US DoT issues V2X deployment roadmap

The US DoT has released a national deployment plan for the further implementation of V2X technology in the hopes of improving road safety. V2X (vehicle-to-everything) enables vehicles talk to each other, warning when there’s a risk of collision.

“V2X can prioritize emergency vehicles,” says Sarah Kaufman, the director of NYU’s Rudin Center for Transportation. “For example, a traffic light can stay green or turn green for an approaching ambulance to ensure that the ambulance can get through more quickly.”

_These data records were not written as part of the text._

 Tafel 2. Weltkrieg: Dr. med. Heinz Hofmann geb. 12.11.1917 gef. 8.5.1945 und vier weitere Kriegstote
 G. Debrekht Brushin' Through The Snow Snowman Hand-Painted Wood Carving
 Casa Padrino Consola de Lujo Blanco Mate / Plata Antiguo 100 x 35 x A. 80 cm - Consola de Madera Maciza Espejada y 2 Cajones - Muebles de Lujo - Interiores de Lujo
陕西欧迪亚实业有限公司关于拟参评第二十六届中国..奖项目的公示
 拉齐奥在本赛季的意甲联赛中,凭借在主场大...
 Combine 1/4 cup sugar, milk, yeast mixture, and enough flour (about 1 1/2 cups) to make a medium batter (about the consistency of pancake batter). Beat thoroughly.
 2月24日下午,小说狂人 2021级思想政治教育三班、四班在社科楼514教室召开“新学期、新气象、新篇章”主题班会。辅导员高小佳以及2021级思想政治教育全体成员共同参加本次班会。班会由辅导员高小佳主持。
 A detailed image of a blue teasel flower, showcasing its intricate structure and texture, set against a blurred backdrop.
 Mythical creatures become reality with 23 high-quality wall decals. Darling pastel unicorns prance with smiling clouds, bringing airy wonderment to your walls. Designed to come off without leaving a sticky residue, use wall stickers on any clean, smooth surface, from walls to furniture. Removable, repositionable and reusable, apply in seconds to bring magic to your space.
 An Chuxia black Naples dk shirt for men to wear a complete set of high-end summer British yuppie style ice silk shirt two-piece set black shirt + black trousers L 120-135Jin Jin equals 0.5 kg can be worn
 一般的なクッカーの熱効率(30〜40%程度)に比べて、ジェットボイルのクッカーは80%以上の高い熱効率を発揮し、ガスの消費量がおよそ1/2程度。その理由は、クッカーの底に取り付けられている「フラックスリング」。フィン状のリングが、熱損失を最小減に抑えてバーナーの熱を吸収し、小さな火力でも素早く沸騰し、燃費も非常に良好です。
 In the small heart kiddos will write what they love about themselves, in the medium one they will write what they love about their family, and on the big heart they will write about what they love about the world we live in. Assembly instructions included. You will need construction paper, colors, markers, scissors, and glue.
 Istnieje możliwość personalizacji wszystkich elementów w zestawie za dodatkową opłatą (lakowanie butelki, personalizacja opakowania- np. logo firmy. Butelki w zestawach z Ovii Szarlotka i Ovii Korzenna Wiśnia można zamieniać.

“This technology has been around for quite a number of years, but there’s always been this chicken-or-egg argument as to, ‘Should it be on the vehicle, should it be out in the infrastructure?’” said Shailen Bhatt, administrator of the Federal Highway Administration. “This gives everybody certainty around what is going to happen.”

According to Marketplace.org, under the Department of Transportation’s roadmap, V2X would be deployed along 50% of the National Highway System and at 40% of the country’s intersections by 2031.

As for vehicles, “I think you’re going to see that deployment in fleets earlier. And then I think you know in the plan, it is estimating that we could see it in passenger vehicles by the 2028 model year,” said Laura Chace, president and CEO of the Intelligent Transportation Society of America.

And a slow rollout may not be a bad idea, according to Cliff Braun, associate director of technology policy at the Electronic Frontier Foundation.